A truthful account of the world is a precondition for understanding it.
Pointing out this inconsistency and self-flattering omission of history is often to enter a conversational minefield. But the value of this exercise is not to play some abstract game of whose hands are dirtier. It’s about combating imperial blindness — American society’s endless capacity for self-delusion about how and why it conducts itself as a hegemon in the global arena. By cloaking its geopolitical goals in the language of moralism and sweeping contradictions beneath the rug, the U.S. is able to behave recklessly and brutally without taking accountability for its behavior or learning lessons from it. And refusing to understand that only sows the seeds for further misbehavior and poor decision-making.

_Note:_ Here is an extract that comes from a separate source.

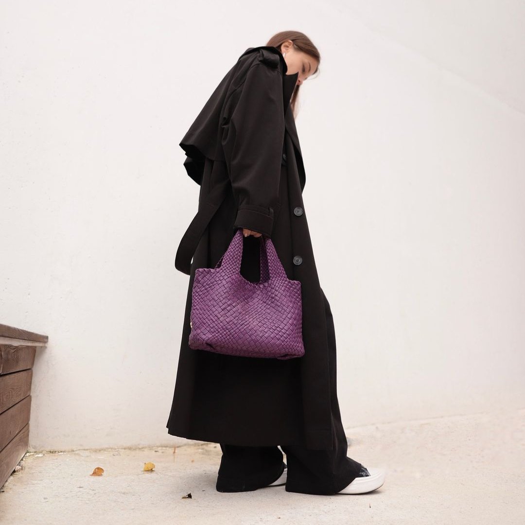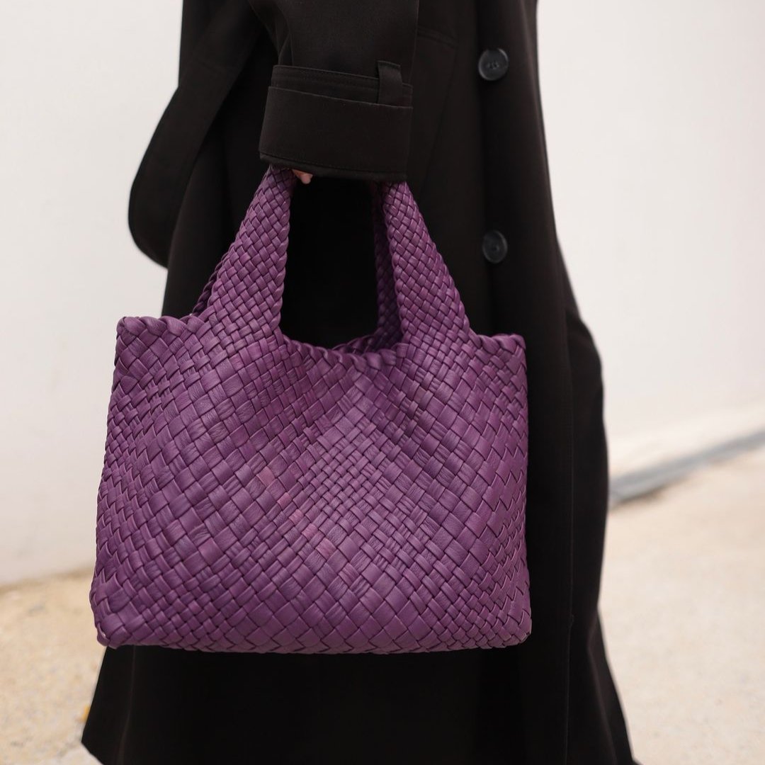 This leather woven tote bag is just the right size for daily essentials, offering structure without feeling bulky. Strips of fine Italian leather are handwoven into an optical, geometric pattern using the intrecciato method, a meticulous process that requires no stitching.
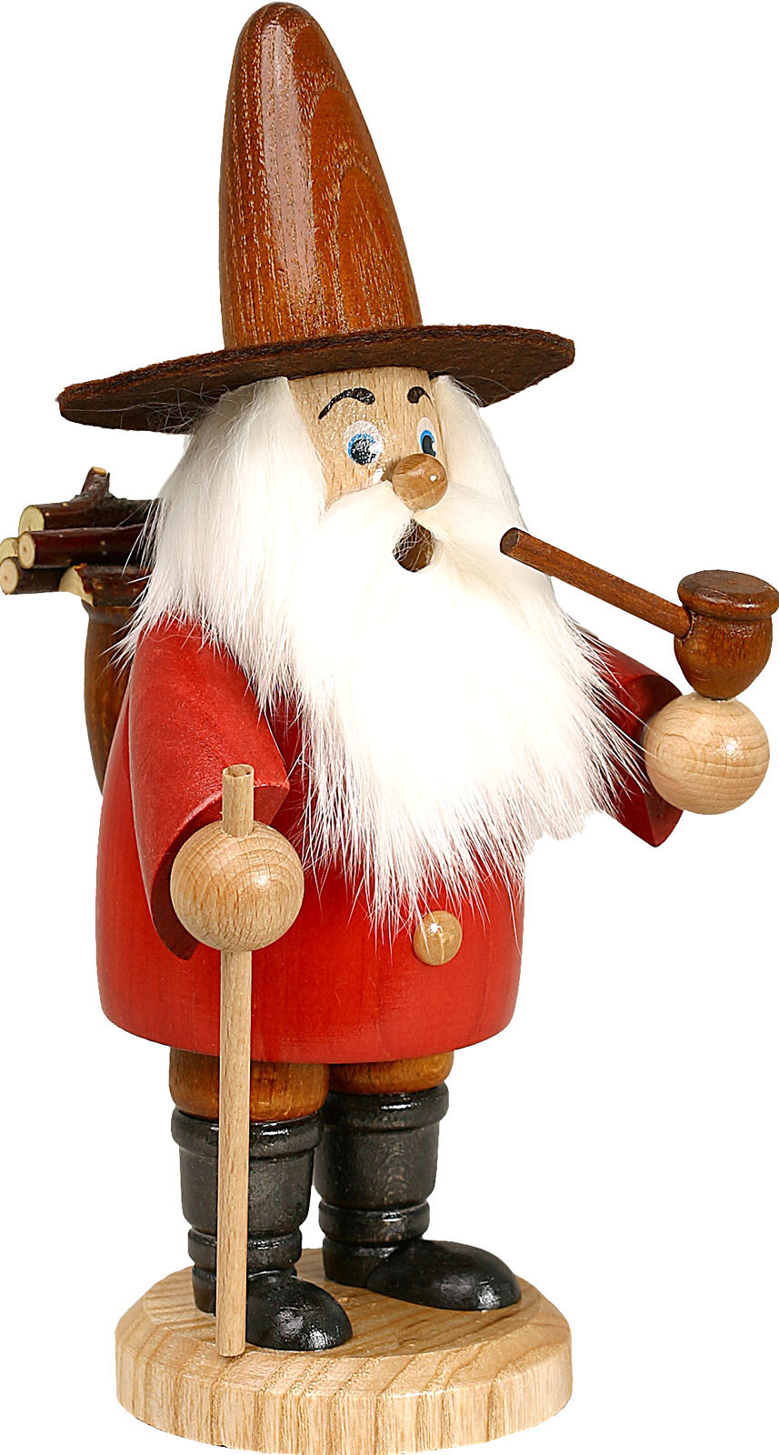 Der Holzsammler ist bekleidet mit einer roten Jacke, brauner Hose, schwarzen Stiefeln und einem braunen Hut. Auf seinem Rücken befindet sich eine Kiepe voll mit Holz. Auf dem Heimweg raucht er seine Pfeife. Den Wanderstock hält er in einer Hand.

A truthful account of the world is a precondition for understanding it. And understanding the real world, rather than living in a world of idealized self-image or visceral feeling, is a precondition for behaving morally and effectively. The myth of Russia’s actions as entirely singular — as a kind of satanic force that has caused a rupture in the progress of human civilization — increases the odds that American society develops a mandate for a rash intervention such as a no-fly zone that could spark a war with Russia. (Stopping evil incarnate would seem to be a worthy reason to risk World War III.) But a more accurately contextualized account of what’s happening and recently happened in the world can act as a source of humility and restraint. At a time when belligerence surrounding the Russia-Ukraine crisis is intensifying, it couldn’t be more urgent.
Russia’s military operation in Ukraine — an act of aggression and a war of choice — is heinous. Russian President Vladimir Putin is not just conducting an unjustifiable war, he's waging it brutally. Human rights watchdogs say that Russia has used indiscriminate cluster bombs, and it’s clear that Russia is targeting areas that are densely populated with civilians. Aiding Ukraine’s suffering population and surprisingly well-performing military is a moral and, as far as I can tell, strategically sound thing to do.
But the Biden administration’s aid to Ukraine was not fueled by moral imperatives. The U.S. is not a country that gazes upon the world with an altruistic eye, but a state which, like any other, pursues its own interests. Moreover, in its quest to be the world’s sole superpower, it has acted ruthlessly for decades. Which is why the U.S. painting its involvement on behalf of Ukraine as a pure extension of defend-the-underdog principles is nonsense.